Entries taken from a collection
·····

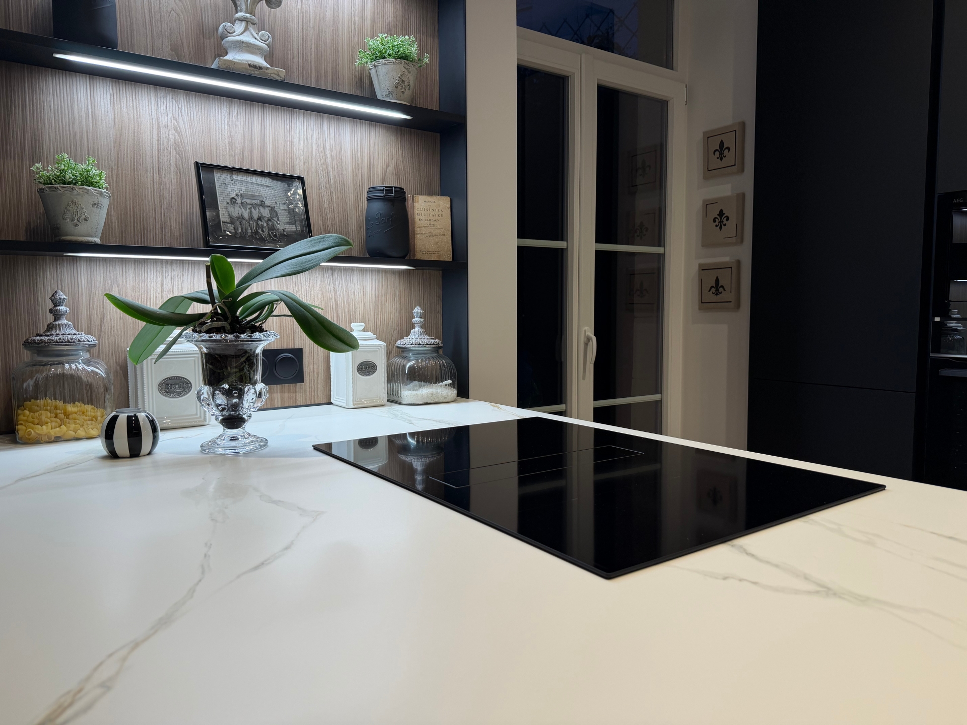 Ce qui rend cette cuisine unique, ce sont tous les détails soigneusement pensés : étagère Stepsystem, vitrine, éclairages, crédences ou encore plaque de cuisson avec hotte intégrée. Chaque élément contribue à un espace entièrement personnalisé, pratique au quotidien et résolument différent d’une cuisine classique. Le plan de travail Caranto Naxos Naturale vient parfaire l’ensemble avec élégance et fonctionnalité.
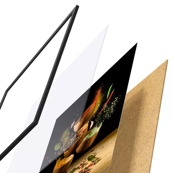 Das Poster besteht aus einem Rahmen, Plexiglas, einem gedruckten Bild und einer Rückwand aus Spanplatten. Dank der Halterungen auf der Rückseite kann das Poster sofort an die Wand gehängt werden.
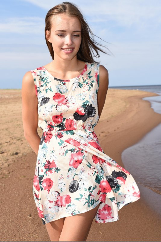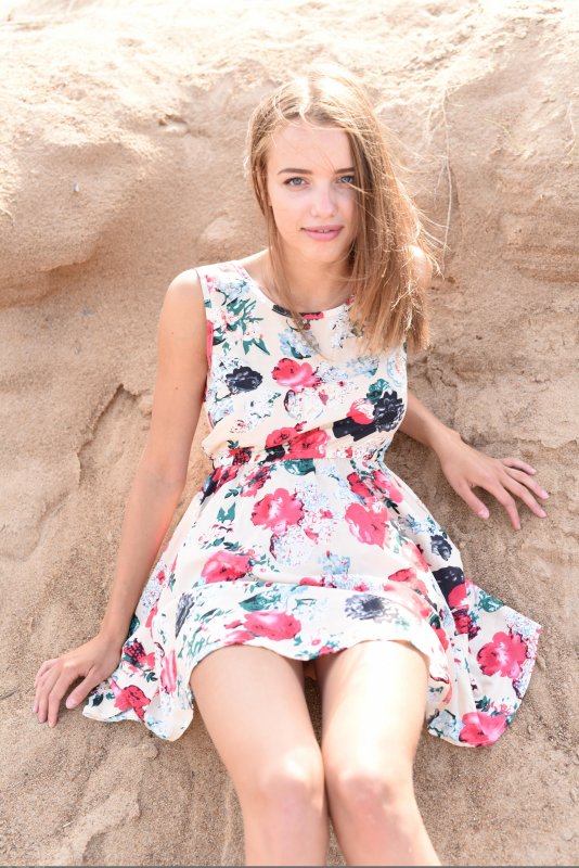Прогуливаясь по пустому песчаному пляжу, симпатичная девица без трусиков игриво сняла с себя короткое платье и принялась охотно демонстрировать на камеру свои выдающиеся прелести. Нежась под лучами палящего солнца, голенькая детка с натуральными упругими сиськами с разных ракурсов бесстыже светит своей бритой нежной писечкой.
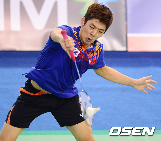 13일 오후 서울 방이동 올림픽공원 SK올림픽핸드볼경기장에서 열린 '2013 빅터 코리아오픈 배드민턴 슈퍼시리즈 프리미어' 결승전에서 이용대가 공격을 시도하고 있다.
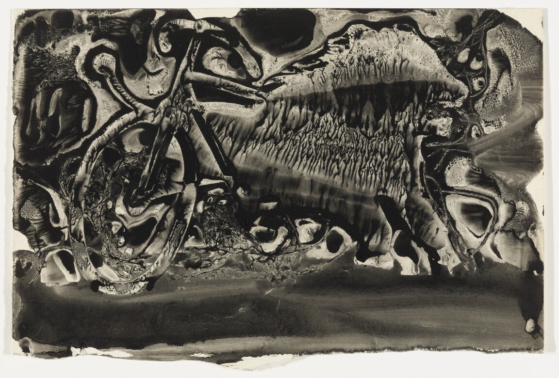 В следующей работе из плотного, почти угрожающего нагромождения разрывов и прожилок проступает велосипед и фигура, похожая на человека в движении. Однако контуры постоянно расползаются — колёса превращаются в клубки органических нитей, детали «дрожат» на границе распознавания. Здесь жест не формирует образ, а как будто пытается догнать собственную мысль, пока жидкость ещё не высохла. Мотив движения становится визуально хрупким: мы видим стремительность, но одновременно ощущаем зыбкость основания, на котором она держится.
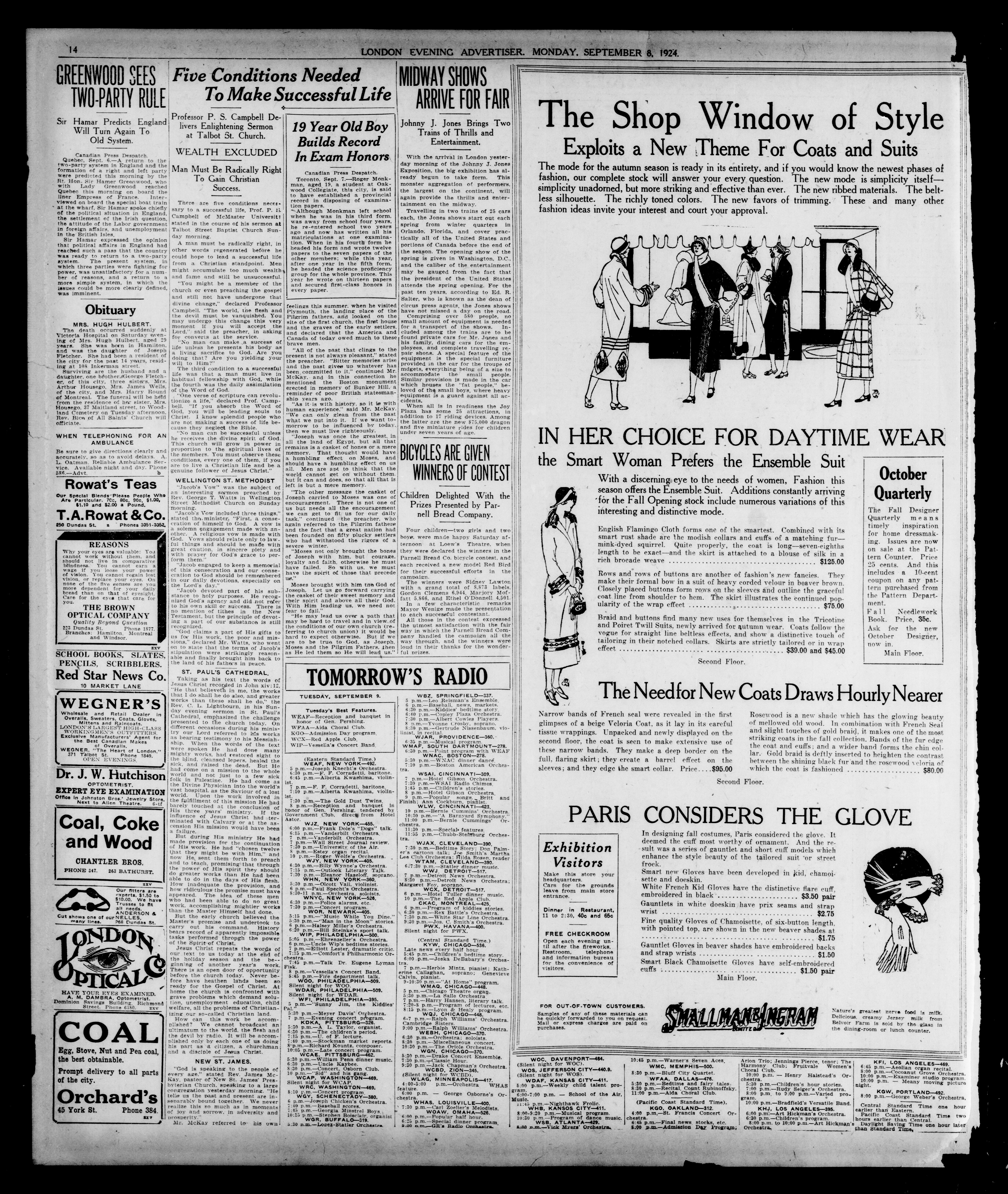 London Evening Advertiser. : London evening advertiser : 61st Year, No. 24062 (September 8, 1924)
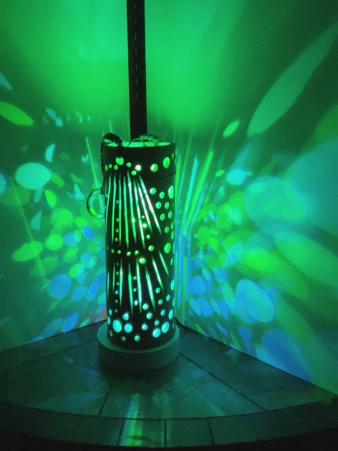 12" Lantern with bamboozled classic design. Signature LED effects. Macrame hanger.
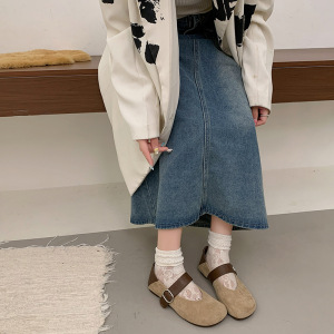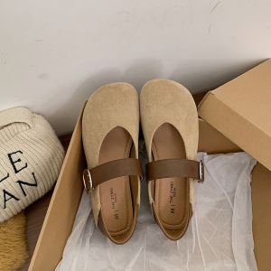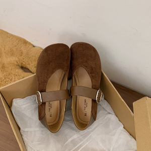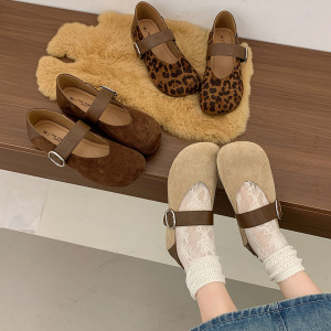 韩版圆头绒面一字带单鞋女2025新款秋季复古豹纹时髦玛丽珍小皮鞋
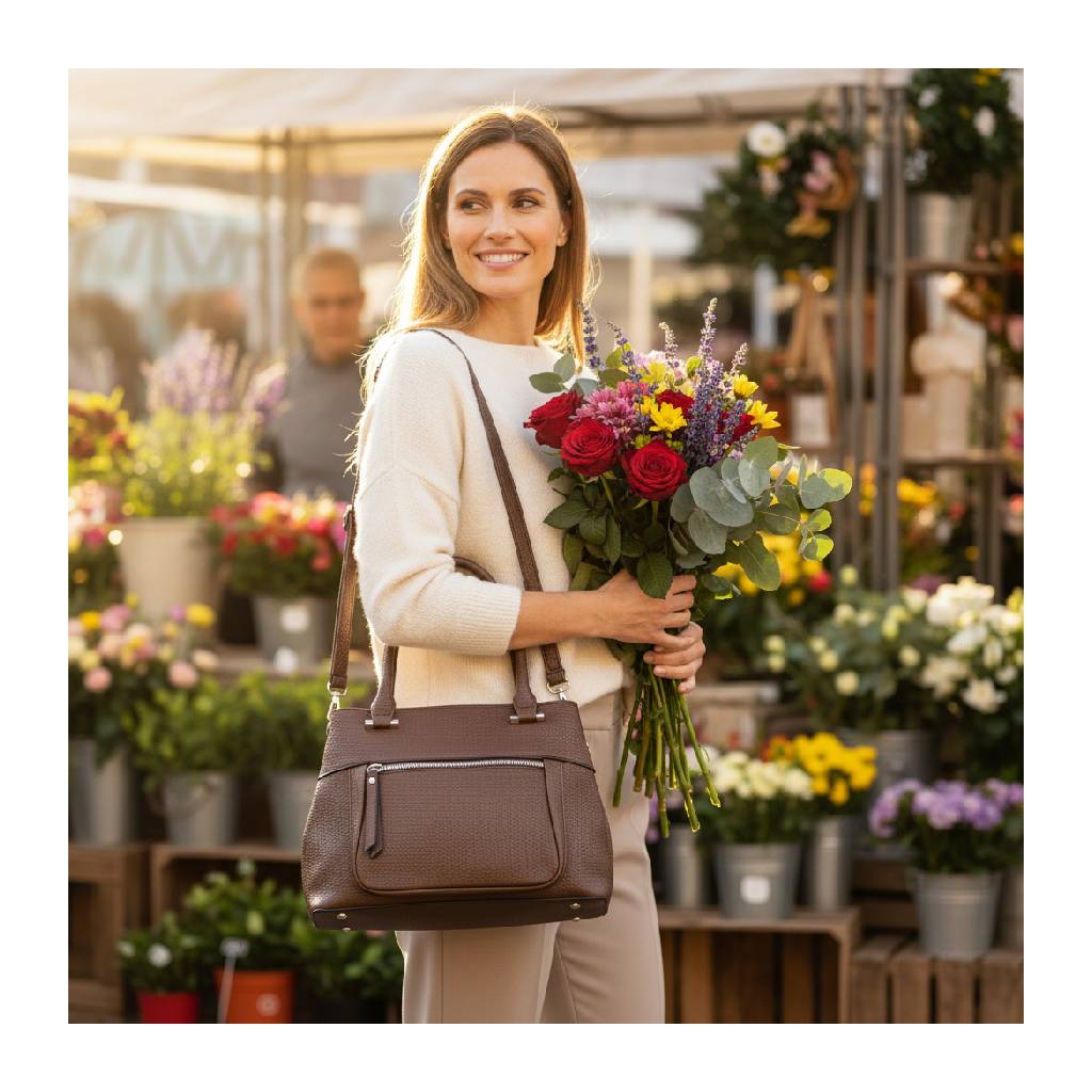 • Elegantný tvar shopperky – drží líniu, no zostáva príjemne mäkká a pohodlná na nosenie.
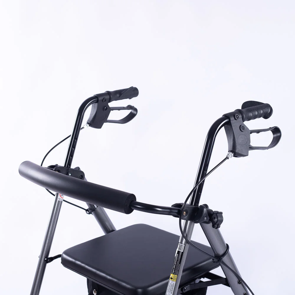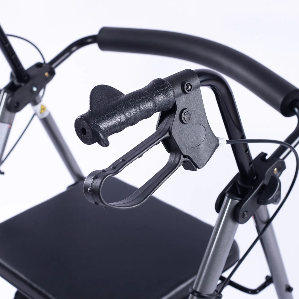 With dual-action braking and parking handbrakes, adjustable handle height, ridged grips, padded seating and a padded contoured backrest, your Equipmed rollator offers great ergonomics and comfort.
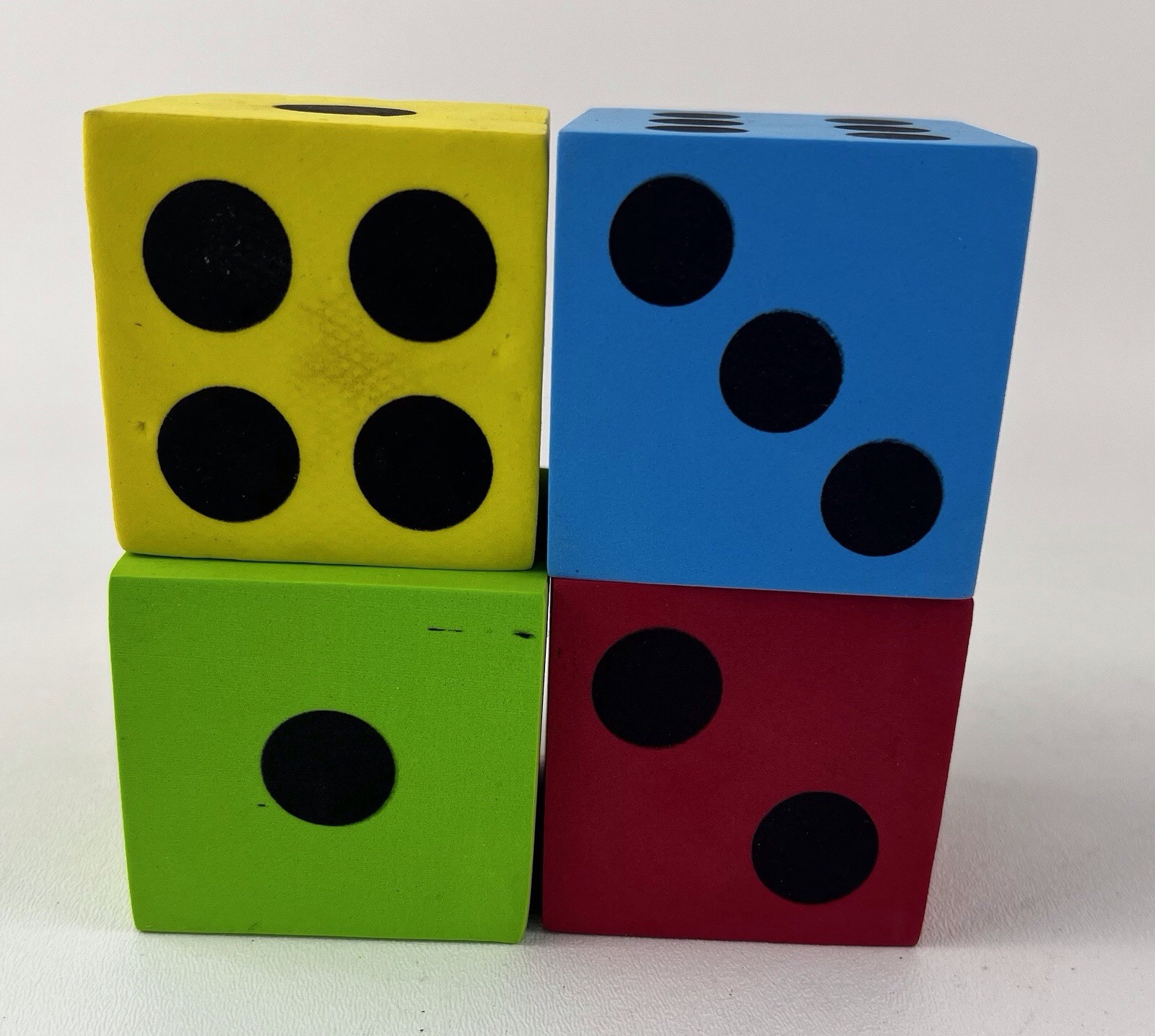 Large Foam Dice Pack of 4 Different Colors 1.5in With Black Dots
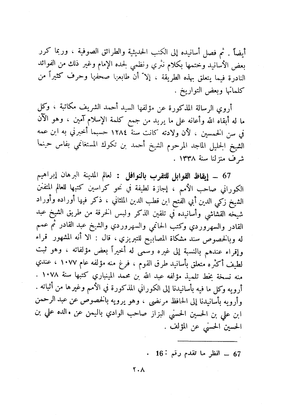 67 - إيقاظ القوابل للتقرب بالنوافل (1) : لعالم المدينة البرهان إبراهيم الكوراني صاحب الأمم، إجازة لطيفة في نحو كراسين كتبها للعالم المتفنن الشيخ زكي الدين أبي الفتح ابن قطب الدين الملثاني، ذكر فيها أوراده وأوراد شيخه القشاشي وأسانيده في تلقين الذكر ولبس الخرقة من طريق الشيخ عبد القادر والسهروردي وكتب الحاتمي والسهروردي والشيخ عبد القادر ثم عمم له وبالخصوص سند مشكاة المصابيح للتبريزي، قال: ألا أنه المشهور قراء وإقراء عندهم بالنسبة إلى غيره وسمى له أخيراً بعض مؤلفاته، وهو ثبت لطيف أكثره متعلق بأسانبد طرق القوم، فرغ منه مؤلفه عام 1.77، عندي منه نسخة بخط تلميذ مؤلفه عبد الله بن محمد المينباري كتبها سنة 1078. أرويه وكل ما فيه بأسانيدنا إلى الكوراني المذكورة في الأمم وغيرها من إثباته. وأرويه بأسانيدنا إلى الحافظ مرتضى، وهو يرويه بالخصوص عن عبد الرحمن ابن عليّ بن الحسين الحسني البزاز صاحب الوادي باليمن عن والده عليّ بن الحسين الحسني عن المؤلف.
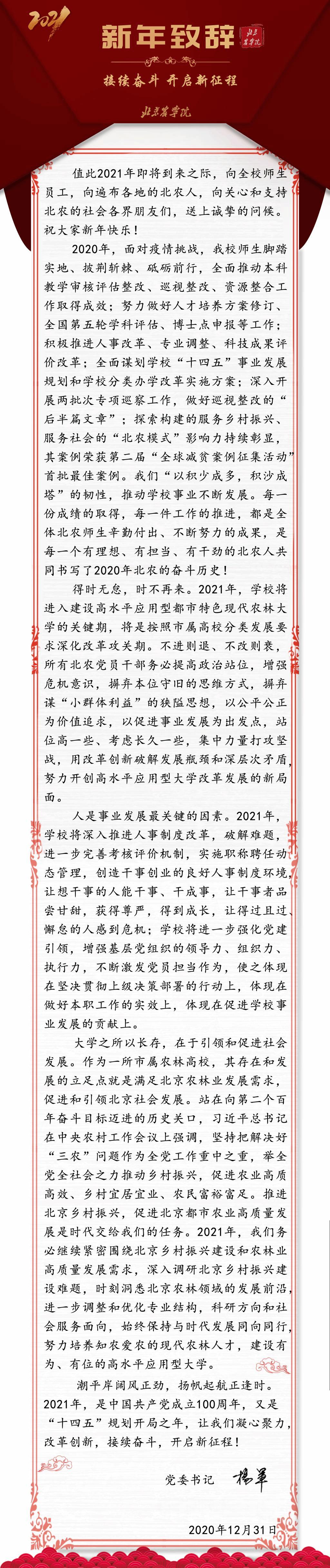 【新年致辞】致2021:接续奋斗 开启新征程

·····

- [PROBLEM STATEMENT]:
Above are the records; repeat their lines from the first through the line containing "13일 오후 서울 방이동", and leave out each picture.

- [RESPONSE TO THE EXERCISE]:
 Ce qui rend cette cuisine unique, ce sont tous les détails soigneusement pensés : étagère Stepsystem, vitrine, éclairages, crédences ou encore plaque de cuisson avec hotte intégrée. Chaque élément contribue à un espace entièrement personnalisé, pratique au quotidien et résolument différent d’une cuisine classique. Le plan de travail Caranto Naxos Naturale vient parfaire l’ensemble avec élégance et fonctionnalité.
 Das Poster besteht aus einem Rahmen, Plexiglas, einem gedruckten Bild und einer Rückwand aus Spanplatten. Dank der Halterungen auf der Rückseite kann das Poster sofort an die Wand gehängt werden.
Прогуливаясь по пустому песчаному пляжу, симпатичная девица без трусиков игриво сняла с себя короткое платье и принялась охотно демонстрировать на камеру свои выдающиеся прелести. Нежась под лучами палящего солнца, голенькая детка с натуральными упругими сиськами с разных ракурсов бесстыже светит своей бритой нежной писечкой.
 13일 오후 서울 방이동 올림픽공원 SK올림픽핸드볼경기장에서 열린 '2013 빅터 코리아오픈 배드민턴 슈퍼시리즈 프리미어' 결승전에서 이용대가 공격을 시도하고 있다.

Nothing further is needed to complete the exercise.